Where the AI comes from also matters. Globally, patients are over three times more likely to trust an AI agent integrated into their doctor’s secure portal than one available through a public chatbot or general health site, a clear signal that institutional accountability and provider context are central to acceptance.
“Australians are navigating healthcare’s digital transformation with pragmatism: open to innovation, but determined to be in the driver’s seat. Our research shows there is still significant room for improvement, with patients continuing to fall through the cracks of a disconnected healthcare system,” said Bryan Tan, Salesforce’s Chief Health Officer ANZ.
“Patients are telling us they’re willing to embrace AI when it helps remove friction from the healthcare experience, but they are equally clear about the conditions for trust. There’s a clear signal to healthcare providers and technology companies: trust must be earned. Patients want transparency, human oversight and the ability to remain in control of their own care every step of the way.”
Balancing efficiency and accountability
Local patients are increasingly willing to use agentic AI for tasks like billing and rescheduling. Over four in 10 (45 per cent in Australia and 47 per cent in New Zealand) prefer AI agents over humans to avoid wait times, but only when human support is clearly available and accessible. Sixty per cent of Australians and 66 per cent of New Zealanders would rather access 24/7 AI support than wait for someone to pick up the phone during office hours.
The loyalty implications are real. Thirty-eight per cent of Australian patients and 36% of New Zealand patients say a 24/7 agentic assistant would make them more likely to stay within a provider’s network for follow-up care. There is a direct line between administrative trust and retention.
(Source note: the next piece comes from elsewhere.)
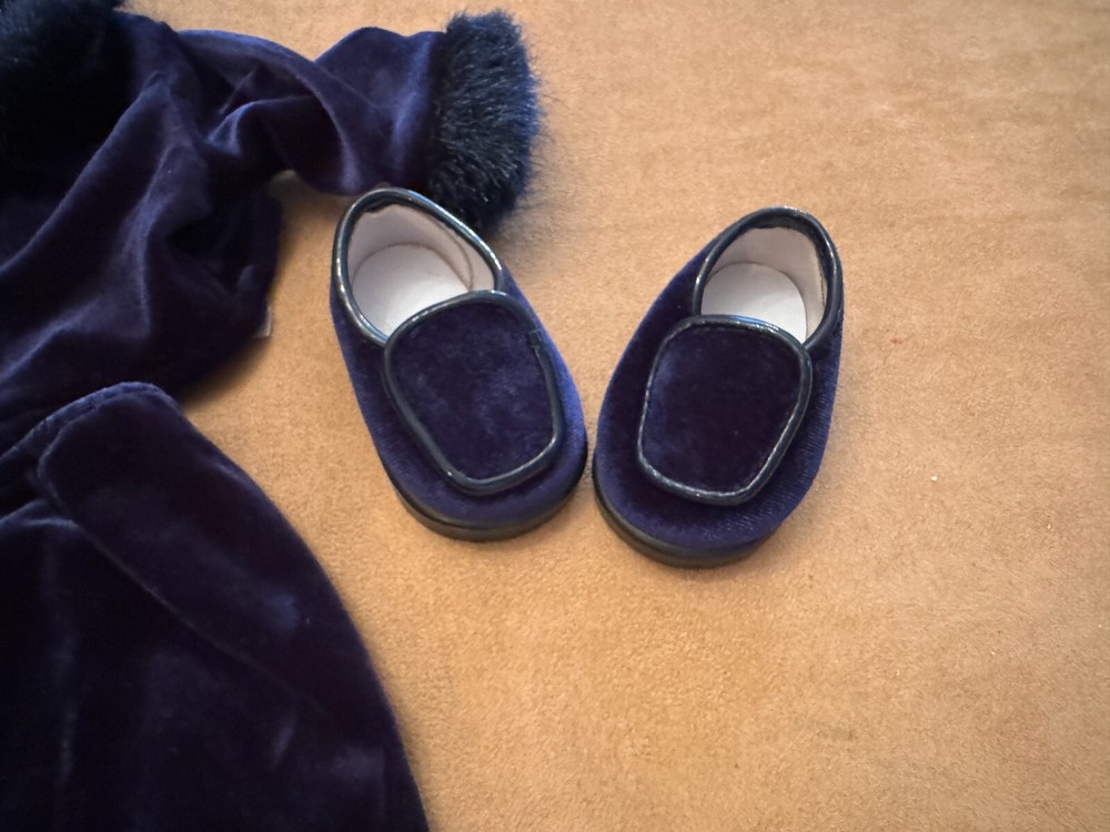 Twilight Outfit Your American Girl is dressed to dazzle in a velour jacket and skirt with furry trim. Add her matching velour shoes , and she’ll look perfect for any festive occasion! Check out my other American Girl, book and toy listings. I sell a variety of new and vintage items. Browse by see other items , or at my store Songbird’s treasure. Add me as a favorite seller or store. I am constantly adding new items. Smoke free, pet free home! BUY WITH CONFIDENCE! Same user I.D. since 2003. I strive to provide quality items and excellent customer service. Thanks for looking and come back again!

Patients managing chronic conditions feel the need most acutely. Sixty-three percent of Australian patients and 64 per cent of New Zealand patients with long-term conditions say a 24/7 digital helper would make managing their health significantly easier. Yet none of that convenience erases the expectation of human backup.
For healthcare organisations, the message is clear: patients are ready to embrace agentic AI but only when it is built on transparent, governed foundations with clear escalation paths, audit trails and provider-backed deployment.
More information:
- Read the full 2026 Connected Health Consumer Report
- Explore the Provider Technology Playbook
- Read more about Agentforce Health agents
- Learn how to bring Agentforce into your healthcare organisation: Accelerate outcomes with Agentforce 360 for Health.
- Check out the webinar: 5 Global Findings Revealing What Patients Really Want From AI in Healthcare
About the research
The Salesforce Connected Health Consumer Report surveyed 3,200 adults, including 400 respondents in Australia and 400 respondents in New Zealand, alongside respondents in the United States, Canada, Mexico, Brazil, the United Kingdom and Ireland, from 24 March–10 April 2026. All respondents are health consumers aged 18 and older. Full methodology is available in the report appendix.